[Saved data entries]
--------------------------------

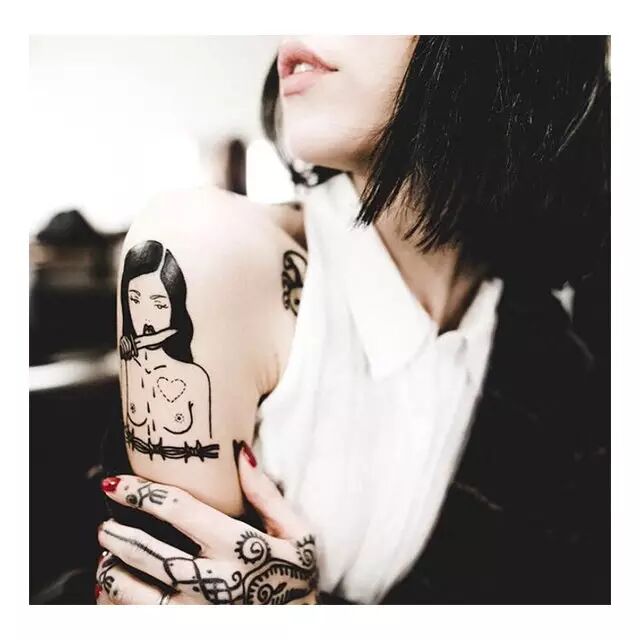 NINI的纹身设计就像漫画一样,多见人物图案,放佛每个小人都有自己的故事。但在这种可爱的图案中,又带有一丝暗黑气质在,十分有趣特别。
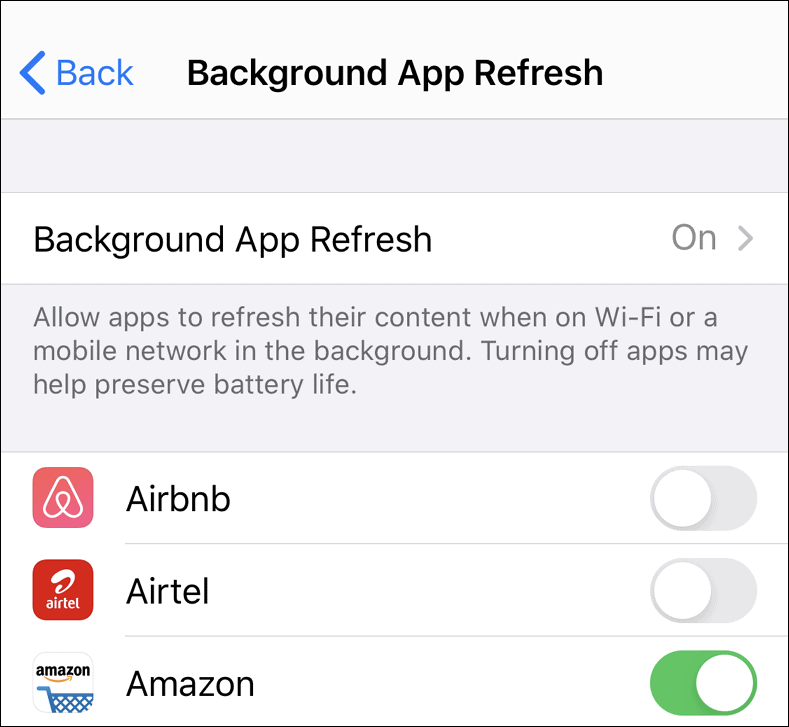 To review the apps using background refresh, go to Settings > General > Background App Refresh. All the apps using it will be listed. Turn the toggle off for apps that are not used regularly to preserve battery life.
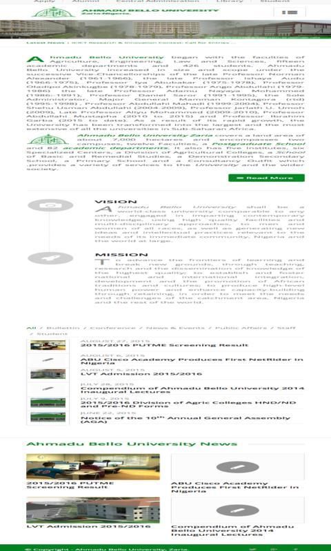 Enjoy the most popular apps here! 20,000+ users downloaded ABU Zaria latest version on 9Apps for free every week! The app is superior that can be used with any of the mobile type. This hot app was released on 2015-10-09. Find out more android software you're looking for at 9apps.com
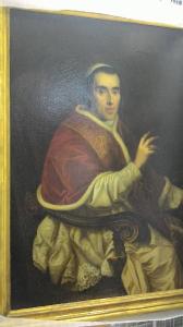 Dipinto su tela con ritratto maschile a figura quasi intera, seduta, di tre quarti, benedicente
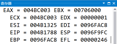 接着打开调试-窗口-寄存器窗口,观察寄存器的动态:

--------------------------------

Your task is to give again, unchanged, the lines from the line that contains "To review the" to the end of the records. Include both end lines but no pictures.

 To review the apps using background refresh, go to Settings > General > Background App Refresh. All the apps using it will be listed. Turn the toggle off for apps that are not used regularly to preserve battery life.
 Enjoy the most popular apps here! 20,000+ users downloaded ABU Zaria latest version on 9Apps for free every week! The app is superior that can be used with any of the mobile type. This hot app was released on 2015-10-09. Find out more android software you're looking for at 9apps.com
 Dipinto su tela con ritratto maschile a figura quasi intera, seduta, di tre quarti, benedicente
 接着打开调试-窗口-寄存器窗口,观察寄存器的动态:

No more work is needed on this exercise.